Flop Counter: 882000 flop
┌─────┬─────────┐
│     │ Float64 │
├─────┼─────────┤
│ add │  441000 │
│ mul │  441000 │
└─────┴─────────┘
Memory: 352800 bytes

${\color{green} \rightarrow}$ time is wasted on 0s. Try zeros(10_000, 10_000)^2.

Better solution: use sparse data structure

using GFlops
sparse_Pᵗ = to_coo(Pᵗ)
flops = @count_ops power_iteration(sparse_Pᵗ, x, 10)
memory = sizeof(sparse_Pᵗ)
println(flops, "\n", "Memory: $memory bytes")

Flop Counter: 22800 flop
┌─────┬─────────┐
│     │ Float64 │
├─────┼─────────┤
│ add │   11400 │
│ mul │   11400 │
└─────┴─────────┘
Memory: 40 bytes

Sparse matrix formats

We take the following matrix for illustration: \[ M = \begin{pmatrix} 5 & . & . \\ . & 6 & 7 \\ 8 & . & 9 \end{pmatrix} \]

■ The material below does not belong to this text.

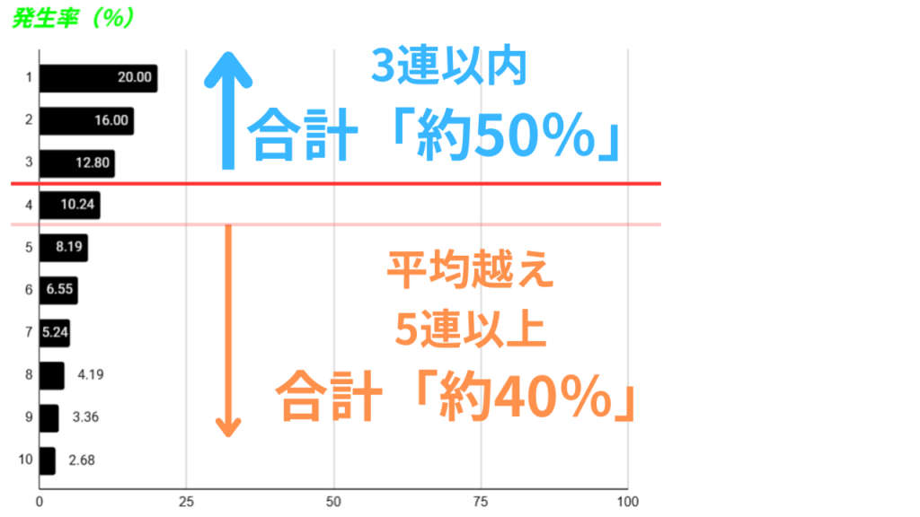 たとえば継続率80%の大当たり継続回数の発生率で、大きさ順に並べると
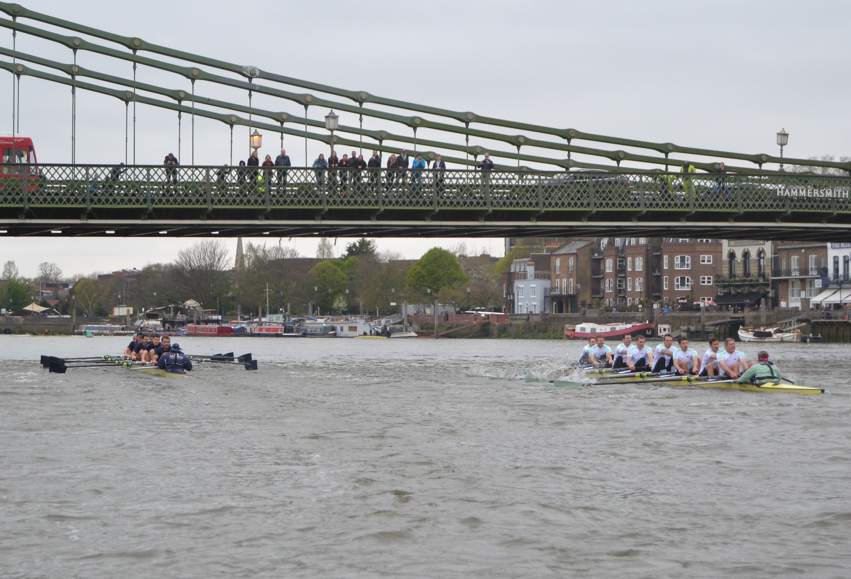 Both crews settled to rates in the mid-30s as they raced along the moored boats at Putney, cheered on by a respectably large crowd of supporters. Meanwhile umpire Judith Packer started to warn Cambridge, Light Blue cox Ed Bosson keen to take full advantage of the first Middlesex corner in his favour. Oxford at 35-36 continued to draw out steadily past their rivals: half a length ahead at Thames Rowing Club and two-thirds of a length at Beverley Brook with Cambridge dropping to 34.

Coordinate list (COO), presented on the previous slide;
- rows is [1, 2, 2, 3, 3]
- cols is [1, 2, 3, 1, 3]
- vals is [5, 6, 7, 8, 9]

Compressed sparse rows (CSR):
- Similar to COO, but often more memory-efficient: rows is compressed;
- Vector rows contains the indices in cols and vals where rows start…
- … except for rows[m+1], which is 1 + the number of nonzeros;
- rows is [1, 2, 4, 6]
- cols is [1, 2, 3, 1, 3]
- vals is [5, 6, 7, 8, 9]

Compressed sparse columns (CSC):
- Same as CSR with rows $\leftrightarrow$ columns;
- Implemented in julia by SparseArrays.

using SparseArrays
Z = spzeros(3, 3)

3×3 SparseMatrixCSC{Float64, Int64} with 0 stored entries:
  ⋅    ⋅    ⋅ 
  ⋅    ⋅    ⋅ 
  ⋅    ⋅    ⋅

$~$

M = [5 0 0; 0 6 7; 8 0 9]
M = sparse(M)

3×3 SparseMatrixCSC{Int64, Int64} with 5 stored entries:
 5  ⋅  ⋅
 ⋅  6  7
 8  ⋅  9

$~$

# Constructor using COO format
M = sparse([1, 2, 2, 3, 3],
           [1, 2, 3, 1, 3],
           [5, 6, 7, 8, 9])

3×3 SparseMatrixCSC{Int64, Int64} with 5 stored entries:
 5  ⋅  ⋅
 ⋅  6  7
 8  ⋅  9

$~$

println(M.rowval)
println(M.colptr)
println(M.nzval)

[1, 3, 2, 2, 3]
[1, 3, 4, 6]
[5, 8, 6, 7, 9]

Simple vector iterations

The power iteration

The power iteration is a method for finding $\color{blue}(\lambda_1, v_1)$: \[ \mathbf{\boldsymbol{x}}_{k+1} = \frac{\mathsf A \mathbf{\boldsymbol{x}}_{k}}{{\lVert {\mathsf A \mathbf{\boldsymbol{x}}_{k}} \rVert}}, \]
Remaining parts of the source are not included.